School of Software, Shandong University, Jinan, China; Joint SDU-NTU Centre for Artificial Intelligence Research (C-FAIR), Shandong University, Jinan, China.
Computational Biology and Bioinformatics Laboratory, Department of Integrative Biotechnology, College of Biotechnology and Bioengineering, Sungkyunkwan University, Suwon, 16419, Gyeonggi-do, South Korea.
Comput Biol Med. 2023 Jul;161:106946. doi: 10.1016/j.compbiomed.2023.106946. Epub 2023 Apr 23.

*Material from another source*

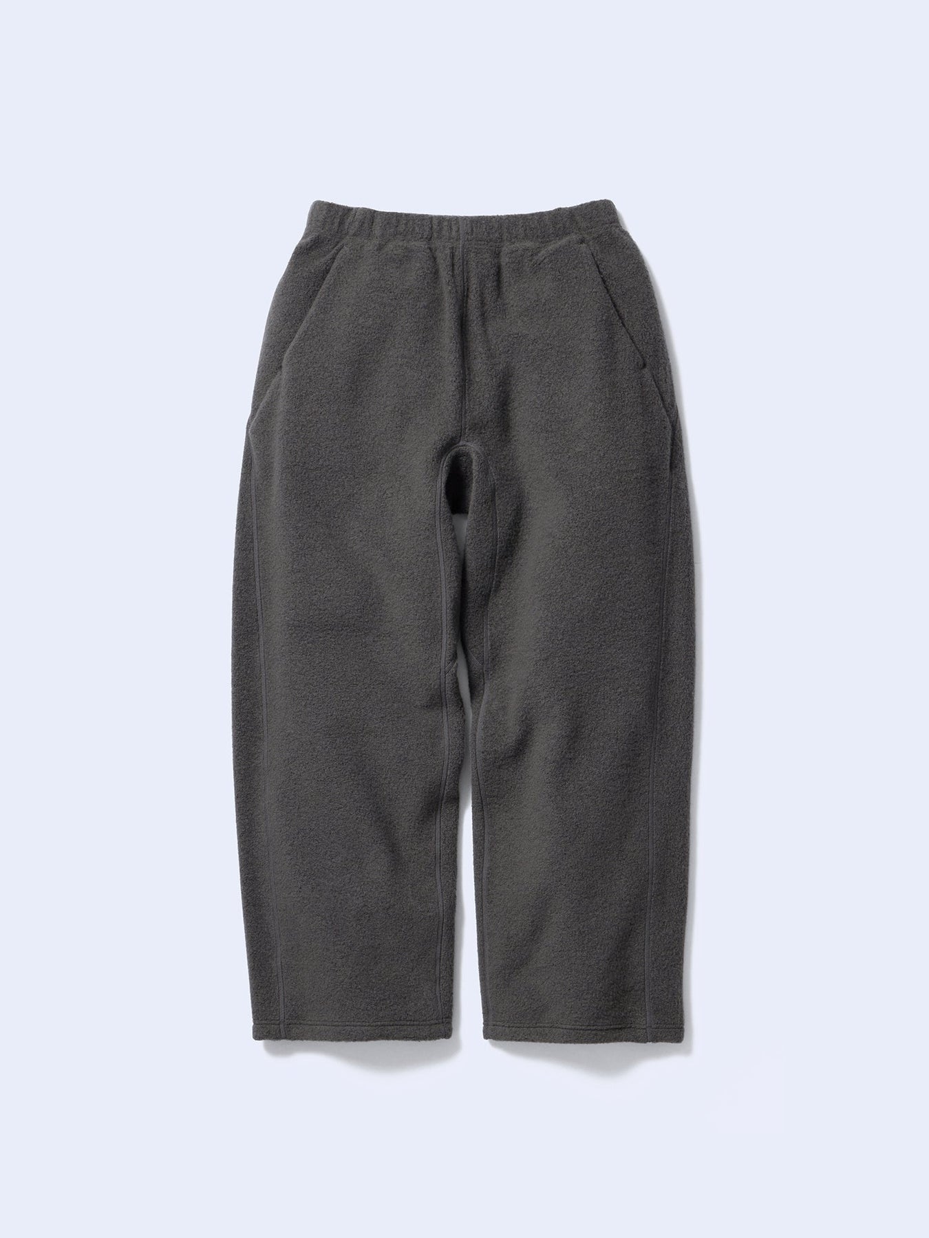 따뜻하고 부드러운 울 플리스 소재로 제작된 릴랙스 핏 조거 팬츠입니다. 독특한 기모감이 느껴지는 원단과 도드라진 절개 라인이 특징이며, 허리와 밑단은 드로코드로 조절할 수 있습니다.

Drug-target interactions (DTI) prediction is a crucial task in drug discovery. Existing computational methods accelerate the drug discovery in this respect. However, most of them suffer from low feature representation ability, significantly affecting the predictive performance. To address the problem, we propose a novel neural network architecture named DrugormerDTI, which uses Graph Transformer to learn both sequential and topological information through the input molecule graph and Resudual2vec to learn the underlying relation between residues from proteins. By conducting ablation experiments, we verify the importance of each part of the DrugormerDTI. We also demonstrate the good feature extraction and expression capabilities of our model via comparing the mapping results of the attention layer and molecular docking results. Experimental results show that our proposed model performs better than baseline methods on four benchmarks. We demonstrate that the introduction of Graph Transformer and the design of residue are appropriate for drug-target prediction.
药物-靶点相互作用(DTI)预测是药物发现中的一项关键任务。现有的计算方法在这方面加速了药物发现。然而,它们大多数都存在特征表示能力低的问题,这会显著影响预测性能。为了解决这个问题,我们提出了一种名为 DrugormerDTI 的新型神经网络架构,它使用图转换器通过输入分子图学习序列和拓扑信息,使用 Residual2vec 学习蛋白质中残基之间的潜在关系。通过进行消融实验,我们验证了 DrugormerDTI 中每个部分的重要性。我们还通过比较注意力层的映射结果和分子对接结果来证明我们模型的良好特征提取和表达能力。实验结果表明,我们提出的模型在四个基准测试中优于基线方法。我们证明了图转换器的引入和残基的设计对于药物-靶点预测是合适的。